Avant de conclure, je voudrais mentionner que, étonnamment, ce qui semble sédimenter l’ensemble de ma production, c’est le principe de rupture. Il finit par infiltrer tous mes choix plastiques. C’est ce principe qui fait en sorte que je structure mon travail sous forme de différents corpus. C’est aussi à cause de cela que je ne crée jamais d'histoire réelle et lisible.

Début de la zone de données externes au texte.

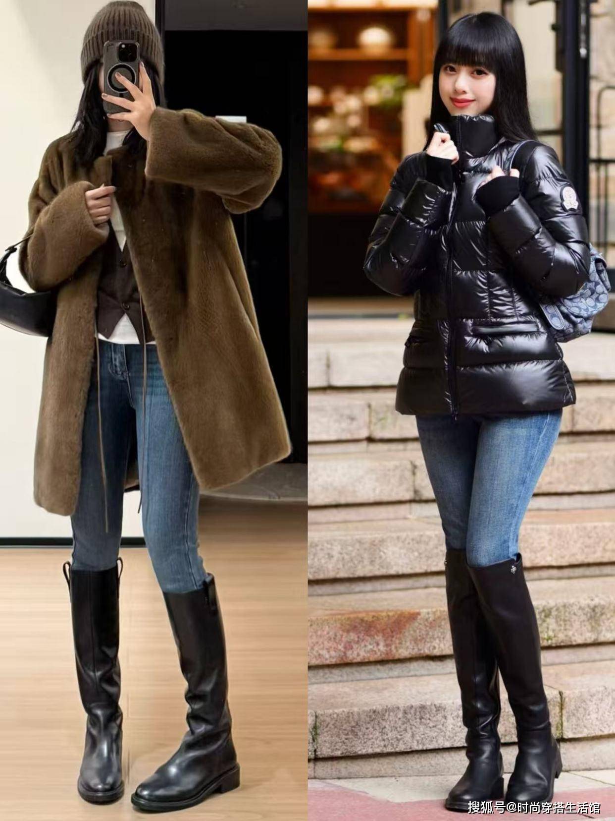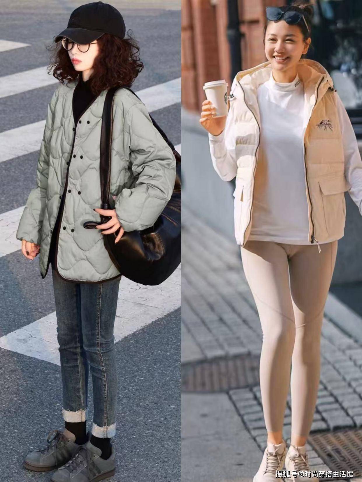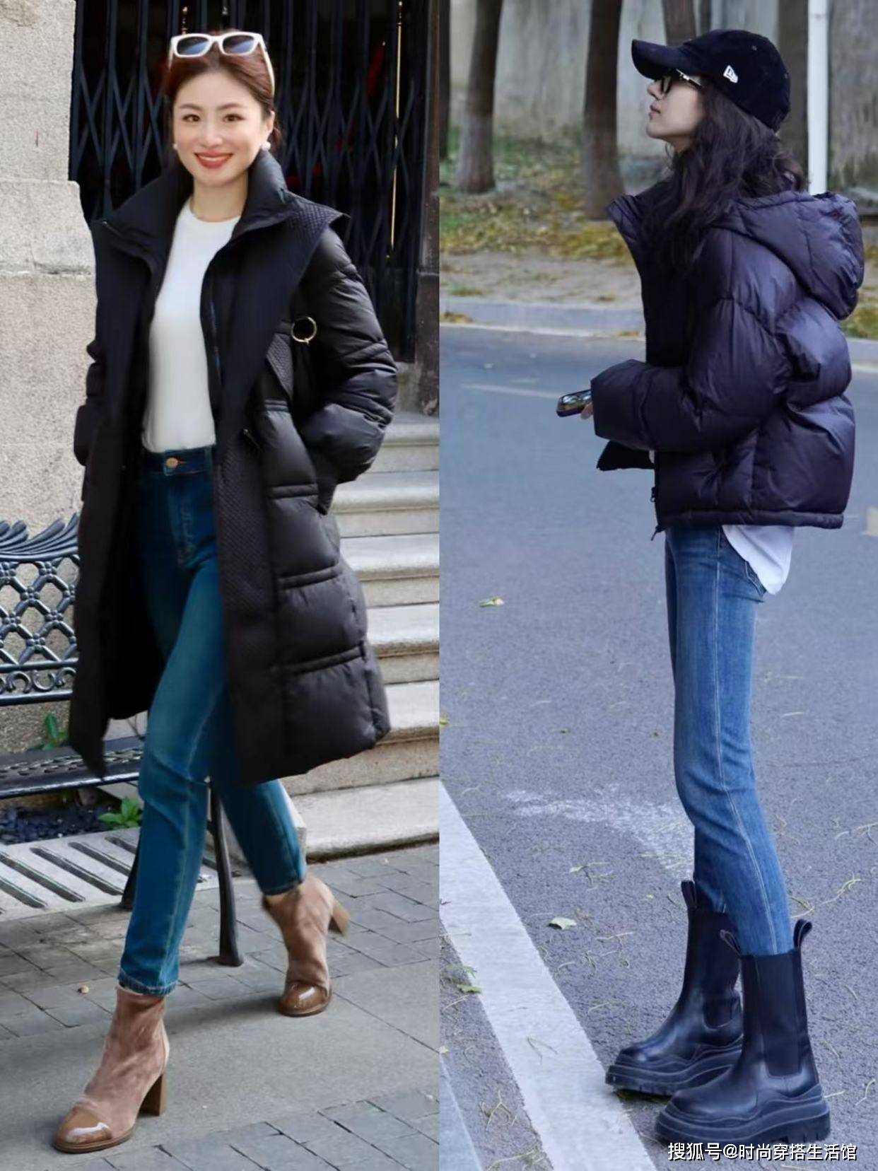 对于冬天来说我们选择宽松的外套搭配瘦瘦裤的时候,像是最常见的羽绒服、廓形大衣、羊羔毛等等,我们可以借助下半身“瘦瘦裤”来削弱上半身的臃肿感,从而形成对比更显瘦。

Durant la création de mes corpus, j’ai besoin de provoquer des interruptions pour prendre de la distance, pour me surprendre et explorer de nouvelles avenues. Jusqu’à maintenant, j’ai accumulé la production de matériel (œuvres) qui permet de composer les différents univers. Je vois la mise en espace de ces corpus de manière plutôt aléatoire. Je ne veux pas toujours reproduire la même installation avec les mêmes pièces. J’ai besoin de sentir que ces univers sont en constante mouvance et mutation. Au cours des derniers mois, j’ai revisité chaque corpus que j’avais entamé l’année précédente pour les enrichir et les faire progresser dans d’autres directions et j’ai l’impression que ceux-ci vont m’accompagner longtemps.

Aussi, il me semble important d’insister sur le fait que j’accorde à ma pratique en peinture et en dessin une dimension immersive, puisque je crois que ces médiums peuvent avoir le pouvoir d’occuper l’espace de manière à nous envelopper dans un univers à part. Je ne crois pas qu’il soit nécessaire de mettre en place un décor pour que l’on se sente absorbé par l’art. Je crois que l’on peut simplement créer un jeu de correspondances entre les éléments. On peut simplement leur faire occuper l’espace d’une certaine façon, moins conventionnelle. Puis, avec un peu d’imagination et de curiosité, il sera possible de se sentir bordé par le monde imaginaire qui nous entoure.

Pour conclure d’une manière plus officielle, je dirais que mon parcours à la maîtrise m’a permis de définir d’une manière introspective et intrinsèque à mon travail les principes qui caractérisent mon approche. Au cours de l’écriture de ce texte, j’ai aussi pu affirmer l’importance qu’occupaient la solitude, la rêverie, les sentiments et le rapport charnel à la matière dans mon processus de création. Si durant mes deux années de maîtrise j’ai créé principalement en dessin et en peinture, j’ai tout de même espéré explorer d’autres

médiums. J’ai d’ailleurs fait une incursion vers la performance. J’avais exécuté une performance très courte, dans laquelle j’avais simplement recréé un geste que j’avais illustré dans un dessin réalisé antérieurement. Je crois que j’aimerais éventuellement explorer davantage un rapport transitoire entre performance et dessin.

Figure 19 : Maude Thibault-Morin. Faire comme l’image. 2016. Performance, 1 min.

Figure 20 : Maude Thibault-Morin. Corpus : Les organes. 2016. Dessin au plomb sur papier, 150 cm x 175 cm.